Like some U.S. Democrats, the Lib Dems had become disillusioned with state schools' performance and the teacher unions' objections to accountability. Education became one of the issues on which the Lib Dems decided the two parties could work together, and they continue to do so despite Cameron's failure last week to produce the Conservative votes needed to pass the Lib Dems' proposal to change the House of Lords.
Gove has insisted that state school pupils read 19th century literature -- Byron, Keats, Dickens, Jane Austen -- and study a foreign language. He has pushed more instruction in history and geography, and higher standards in math and science.
His greatest innovation is the academies -- an idea he picked up in Sweden, of all places. Individual schools, local school authorities, businesses, universities, charities and religious organizations can petition to start academies.
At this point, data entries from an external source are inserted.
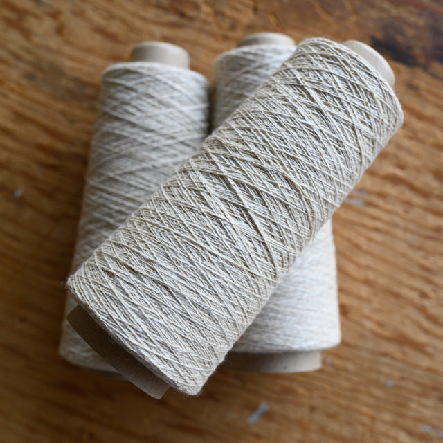 This cottolin yarn is just slightly tighter spun when compared to other cottolin slubs available. It has great texture and will weave up beautifully in tea towels, table linens and more. I wish we could get more of this yarn because it’s such a classic combination that we will use up in no time!
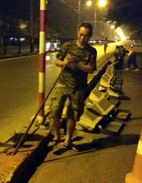 Phần lớn dải phân cách này được làm bằng sắt có sơn phản quang và đặt trên móng xây bằng gạch. Ước tính, cả nghìn mét dải phân làn trên nhiều tuyến phố được dỡ bỏ trong những ngày qua. Ảnh: Otofun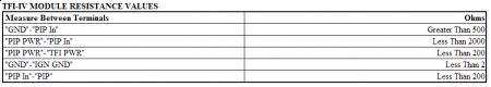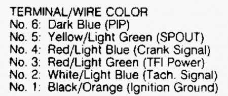 WIRING HARNESS 1. Disconnect wiring harness connector from ignition module. Inspect connector for dirt, corrosion or damage. Disconnect wire at "S" terminal of starter solenoid. 2. Attach negative voltmeter lead to distributor base. Measure battery voltage. With negative lead of voltmeter still connected to distributor base, check voltages at TFI-IV ignition module wiring harness terminals. See Fig. 5 . See WIRING HARNESS TEST table.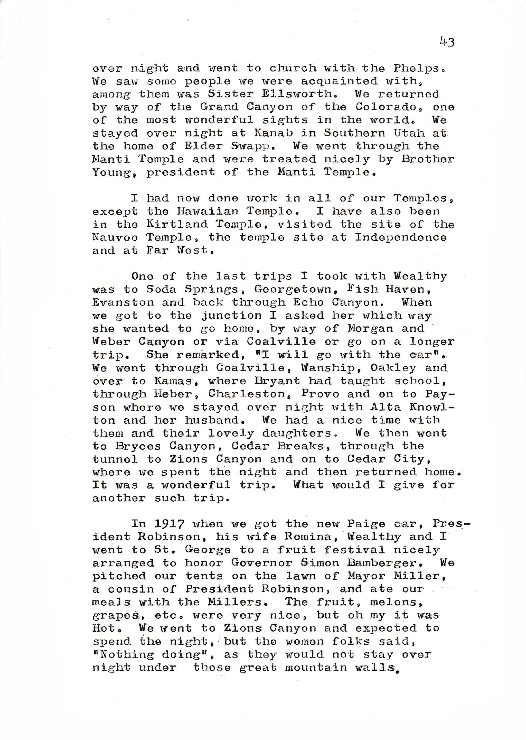 One of the last trips I took with Wealthy was to Soda Springs, Georgetown, Fish Haven, Evanston and back through Echo Canyon. When we got to the junction I asked her which way she wanted to go home. by way of Morgan and Weber Canyon or via Coalville or go on a longer trip. She remarked, "I will go with the car". We went through Coalville, Wanship, Oakley and over Kamas, where Bryant had taught school, through Heber, Charleston, Provo and on to Payson where we stayed over night with Alta Knowlton and her husband. We had a nice time with them and their lovely daughters. We then went to Bryce's Canyon, Cedar Breaks, through the tunnel to Zions Canyon and on to Cedar City, where we spent the night and then returned home. It was a wonderful trip. What would I give for another such trip.

But they have to meet certain standards to be approved.
Like many American charter schools, the academies can set their own pay and devise their own curriculum and schedules; they receive the same per-pupil funding as state schools. The idea is to liberate education from domination by the Blob, and the results so far seem encouraging.
Gove's policies cannot be entirely replicated in the United States. Britain's central government has full authority over schools in England (Scotland and Northern Ireland have their own systems), while in the U.S. education is largely controlled by state governments and local school boards often dominated by teachers unions.
But we might do well to keep an eye on Britain's 1,776 academies, which now number 1,957, as a subsidiary page on the website informs us. We English-speaking peoples have been lagging behind on education.
We can do better, and as Gove says, those most in need are the poor and disadvantaged.